Rapid evolution of a technology can happen in a market system if the
structure is designed well.  As long as the protocols are flexible enough
to start with, and a procedure for changing the protocol is established,
then the components will evolve independently by companies seeking to gain
a competitive edge.

Silicon valley is an example of a market based system that led to rapid
evolution of hardware in the 1970's and software in the 1980's.  As the
needs of the customers became understood and defined, larger companies that
had good marketing and service reputations could make the profitable
components without the help of the plethora of small companies.
Information servers is an innately niche-based market given the diverse
information needs of the population.  Furthermore, the industry is more
like a service industry than a manufacturing one because of the continual
need for updates and new information.  For these reasons, the silicon
valley structure can help in the rapid evolution of this market.

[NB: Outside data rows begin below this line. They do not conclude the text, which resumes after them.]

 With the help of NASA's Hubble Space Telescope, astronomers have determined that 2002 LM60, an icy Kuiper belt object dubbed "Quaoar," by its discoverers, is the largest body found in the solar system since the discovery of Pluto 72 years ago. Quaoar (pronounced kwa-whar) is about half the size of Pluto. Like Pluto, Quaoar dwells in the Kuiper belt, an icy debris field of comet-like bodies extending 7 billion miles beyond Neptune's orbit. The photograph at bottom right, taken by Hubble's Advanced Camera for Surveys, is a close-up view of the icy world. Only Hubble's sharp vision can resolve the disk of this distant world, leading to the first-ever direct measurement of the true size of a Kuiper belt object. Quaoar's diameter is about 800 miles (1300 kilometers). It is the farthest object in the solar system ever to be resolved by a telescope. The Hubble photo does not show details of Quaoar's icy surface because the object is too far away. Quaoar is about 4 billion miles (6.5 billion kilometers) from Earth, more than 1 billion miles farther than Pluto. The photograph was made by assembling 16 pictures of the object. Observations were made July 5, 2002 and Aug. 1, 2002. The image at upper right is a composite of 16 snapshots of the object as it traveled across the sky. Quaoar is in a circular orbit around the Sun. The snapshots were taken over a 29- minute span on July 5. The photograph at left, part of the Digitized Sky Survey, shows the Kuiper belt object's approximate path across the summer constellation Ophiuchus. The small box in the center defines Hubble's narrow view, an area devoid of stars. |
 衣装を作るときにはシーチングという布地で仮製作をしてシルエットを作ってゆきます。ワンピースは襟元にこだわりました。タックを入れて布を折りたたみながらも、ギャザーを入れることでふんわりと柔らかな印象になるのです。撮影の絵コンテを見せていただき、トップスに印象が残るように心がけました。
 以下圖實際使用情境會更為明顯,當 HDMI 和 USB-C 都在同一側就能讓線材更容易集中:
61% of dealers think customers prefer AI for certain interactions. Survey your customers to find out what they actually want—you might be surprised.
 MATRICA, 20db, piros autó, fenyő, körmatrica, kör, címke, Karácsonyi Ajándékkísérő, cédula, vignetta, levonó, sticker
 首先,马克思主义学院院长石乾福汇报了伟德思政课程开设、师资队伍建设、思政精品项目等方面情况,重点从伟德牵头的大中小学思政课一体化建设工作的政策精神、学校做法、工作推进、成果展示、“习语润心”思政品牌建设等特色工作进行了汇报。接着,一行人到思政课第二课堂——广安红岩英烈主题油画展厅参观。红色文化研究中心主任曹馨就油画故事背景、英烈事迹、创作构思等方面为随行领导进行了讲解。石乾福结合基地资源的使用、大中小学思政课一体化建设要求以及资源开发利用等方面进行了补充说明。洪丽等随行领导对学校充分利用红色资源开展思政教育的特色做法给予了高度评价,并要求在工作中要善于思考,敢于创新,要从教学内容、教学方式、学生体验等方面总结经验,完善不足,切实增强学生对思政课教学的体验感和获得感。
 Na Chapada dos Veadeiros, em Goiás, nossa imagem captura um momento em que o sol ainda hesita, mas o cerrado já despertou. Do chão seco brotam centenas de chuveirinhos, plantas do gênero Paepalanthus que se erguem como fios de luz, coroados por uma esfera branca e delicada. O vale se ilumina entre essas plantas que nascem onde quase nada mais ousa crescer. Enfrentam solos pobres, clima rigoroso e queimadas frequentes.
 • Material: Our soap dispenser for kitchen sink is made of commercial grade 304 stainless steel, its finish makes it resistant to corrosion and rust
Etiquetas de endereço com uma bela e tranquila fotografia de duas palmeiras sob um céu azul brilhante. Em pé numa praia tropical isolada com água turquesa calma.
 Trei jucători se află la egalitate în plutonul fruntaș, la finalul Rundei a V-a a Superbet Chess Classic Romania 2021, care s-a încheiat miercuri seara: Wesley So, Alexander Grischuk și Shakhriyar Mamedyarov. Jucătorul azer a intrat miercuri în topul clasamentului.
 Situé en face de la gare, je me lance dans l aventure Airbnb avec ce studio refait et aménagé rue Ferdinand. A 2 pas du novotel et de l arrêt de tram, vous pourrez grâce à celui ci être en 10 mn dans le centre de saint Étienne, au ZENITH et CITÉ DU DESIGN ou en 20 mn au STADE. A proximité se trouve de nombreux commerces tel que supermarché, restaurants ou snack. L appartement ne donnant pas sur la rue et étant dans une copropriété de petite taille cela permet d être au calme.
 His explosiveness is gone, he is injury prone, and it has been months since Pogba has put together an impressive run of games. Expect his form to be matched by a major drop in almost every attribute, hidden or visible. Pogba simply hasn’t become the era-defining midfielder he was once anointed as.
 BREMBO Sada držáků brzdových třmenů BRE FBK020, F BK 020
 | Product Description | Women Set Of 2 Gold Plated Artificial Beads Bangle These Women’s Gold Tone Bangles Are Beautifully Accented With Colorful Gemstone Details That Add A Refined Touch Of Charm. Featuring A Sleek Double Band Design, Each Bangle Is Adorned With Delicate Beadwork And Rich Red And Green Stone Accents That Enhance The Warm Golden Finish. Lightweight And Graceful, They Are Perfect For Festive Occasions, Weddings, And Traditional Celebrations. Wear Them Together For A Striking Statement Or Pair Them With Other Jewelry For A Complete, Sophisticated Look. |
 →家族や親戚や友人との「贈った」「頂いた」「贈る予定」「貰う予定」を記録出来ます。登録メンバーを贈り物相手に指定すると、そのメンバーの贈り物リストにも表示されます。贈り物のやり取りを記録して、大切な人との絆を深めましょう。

The key is to have enough users to make the servers profitable.  Since,
small companies can not wait long before investment turns to profit,
achieving early income is important to get the system started.  A "critical
mass" of users might form if the first interfaces were inexpensive or free,
and a few useful servers were available.


G. How Server Companies Can Make Money

If the WAIS system is to take off, then server companies must be able to
make money.  Companies that offer servers can make money by billing users
directly, using credit cards, or by using 900 numbers to have the phone
system bill the users.  Direct billing is difficult to set up and can be
expensive to operate, but large providers might want to do this.  Credit
card billing has been a popular one for information providers.  This
enables any network to connect the user to the server and then the user is
charged for use of the server.  Typically, the first transaction with a
server is a negotiation of how payment will occur and the allocation of a
password for future transactions.  This could be automated in the WAIS
system so that the workstation could know how much the costs will be and
keep a total of everything spent.  A risk with the credit card system is
that a credit card number in the hands of a crook can enable him to make
fraudulent charges.  With the potentially large number of WAIS systems,
this might prove dangerous.  Ratings services might be able to help weed
out the fraudulent information providers (if any).

Another approach is to use a phone company service over 900 numbers.  When
a company is assigned one of these numbers, callers are charged per minute
of phone conversation and these charges appear on the phone bill every
month.  Typically the phone company gets 50% of the revenue from this and
the charges range from $.10 to $2 per minute (PacBell gets $.25 for the
first minute and $.20 thereafter).  This approach eliminates the need to
have a negotiation of credit card information and limits some of the risks
of disclosing a credit card number.  On the other hand, the charge for
billing is high.  Another limitation is that one must use the phone system
to connect with the server.

In any case, there is very low overhead in starting a server and earning
money.  All one needs is a phone, a computer, and some desirable
information.  This is crucial to the success of the system.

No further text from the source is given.